# Luke Jackson is sick



## Charlotte_______ (May 18, 2003)

Did anyone see the pic of his vert?










I mean come on look at his head!


----------



## h-town Mike (Jun 5, 2004)

> Originally posted by <b>Charlotte_______</b>!
> Did anyone see the pic of his vert?
> 
> 
> ...


Is he standing on a platform:grinning: ?

IF not then that is one amazing vertical. Pretty nice for a white boy.


----------



## Nevus (Jun 3, 2003)

Looks like he could jump over that guy behind him.


----------



## ballafromthenorth (May 27, 2003)

Wow.. that is nuts


----------



## digital jello (Jan 10, 2003)

The Nets need this man.


----------



## Petey (Aug 23, 2002)

> Originally posted by <b>digital jello</b>!
> The Nets need this man.


Yes we do.

-Petey


----------



## Dark Praetor (Mar 20, 2004)

I want him for Sac. ^_^


----------



## Petey (Aug 23, 2002)

> Originally posted by <b>Dark Praetor</b>!
> I want him for Sac. ^_^


I'm sure he will be gone by then.

-Petey


----------



## FJ_of _Rockaway (May 28, 2002)

*Luke Jackson will go late lottery*

I see Seattle taking him at #12 and letting Brent Barry go 

Trade Jesus and Vlad for SAR and Portland's #13.. where Seattle takes the best big man on the board.... it may be Araujo or Petro at this spot 

Seattle

*

Booth
Abdur Rahim 
Lewis
Jackson
Ridnour

bench 

Petro
Collison
_________ - Free Agent addition @ MLE
Murray 
Daniels

Potapenko
James

*

Pretty nice squad going forward

Potapenko and James are expiring contracts along with Rahim .. they will be a free agent player next summer


----------



## Dark Praetor (Mar 20, 2004)

> Originally posted by <b>Petey</b>!
> 
> 
> I'm sure he will be gone by then.
> ...


Yes, well, there are mocks with Jackson at #13 to Portland.


----------



## QRICH (Feb 2, 2004)

Still not as sicc as Mr. Outlaw  










hard to judge, but the LJ pic is at a funny angle


----------



## Petey (Aug 23, 2002)

> Originally posted by <b>Dark Praetor</b>!
> 
> 
> Yes, well, there are mocks with Jackson at #13 to Portland.

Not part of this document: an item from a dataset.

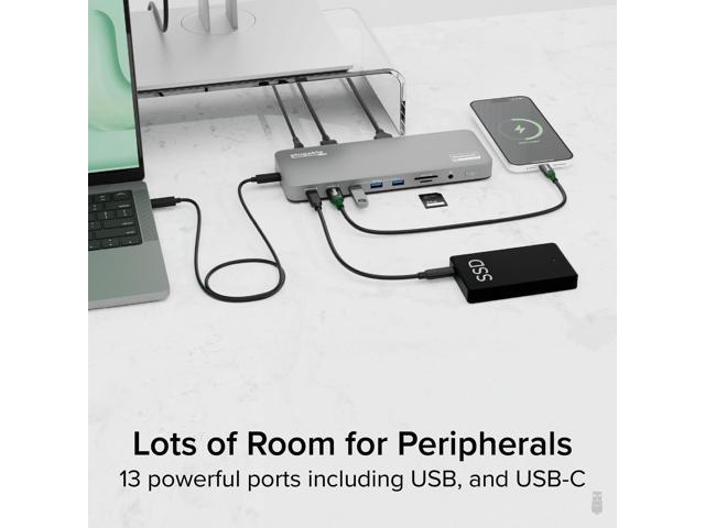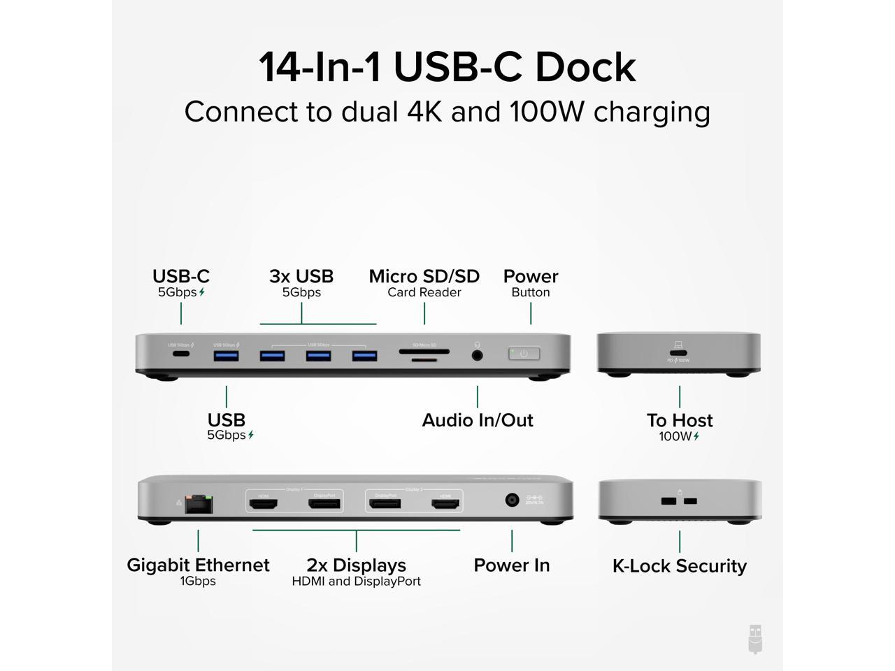 - Fully Connected - 13-port USB C docking station dual monitor hosts 2x 4K monitors in HDMI, DisplayPort or both, 5x USB 3.0 ports, SD and microSD card readers, audio in and out ports, an Ethernet port, and 100W charging no more crawling under the desk to find an outlet

I've seen mocks with him picked by the Jazz and Nets too.

-Petey


----------



## sov82 (Nov 5, 2003)

*thats...*

thats not a very good angle at all to get a real understanding of his vertical jump. Im sure its very good but the fashion in which the picture was taken distorts just how good it may have been, or may not have been. You also have to consider that he barely gets off the floor whenever he shoots. He doesn't elevate much at all when shooting jumpers.


----------



## prerak (Oct 22, 2003)

In most cases you would be right that the angle is bad (it was the only angle available) but the markers tell the story. The top marker is generally lined up with the top of the backboard and we can judge based on the fact he was approx. 7-8 markers from there.


----------



## freakofnature (Mar 30, 2003)

I can see him going in the lottery. I want the Heat to take him at 19, but I don't think he'll be there.


----------



## sov82 (Nov 5, 2003)

*looks like...*

looks like 10 markers above the rim....8 markets from the top of the backboard.


----------



## cheezdoodle (May 25, 2003)

his vert measured out at 39 inches.


----------



## Silent But Deadly (Aug 15, 2003)

Holy. I'll take a guess and say this guy gets a double in blocks per game?


----------



## reHEATed (Jun 29, 2003)

he sure wont get passed number 18 with the hornets...they need a sg badly. I see him being taken before that though


----------



## Pinball (Aug 3, 2002)

> Originally posted by <b>cheezdoodle</b>!
> his vert measured out at 39 inches.


That's actually very good. He'll be one of the better athletes in the league with that vertical.


----------



## Nevus (Jun 3, 2003)

A legit 39 inch vertical is awesome. That's as high as anyone in the NBA except for a handful of real freaks.


----------



## OwnTheBlocks (Jun 10, 2003)

the vertec machine they are using is adjustable and the top marker can go anywhere from 9-12', depending on the standing reach of the athlete being tested. Although he is displaying an impressive vertical, i can assure you that luke jackson is not getting his armpit above the rim froim a standstill. Although the rim is in the background, they are not testing in front of the backboard and itcreates a distorted prspective due to object size and continuity and a bunch of other psych 020 vision perception terms i have forgotten already


----------



## BG7 (Jun 25, 2003)

Wow he looks pretty athletic due to that picture.


----------



## Knicksbiggestfan (Apr 29, 2003)

there's a perceptual illusion there created in part by photographing motion paralax, and the angle it was photographed at, in relation to the visual accuity of the photographer's line of sight.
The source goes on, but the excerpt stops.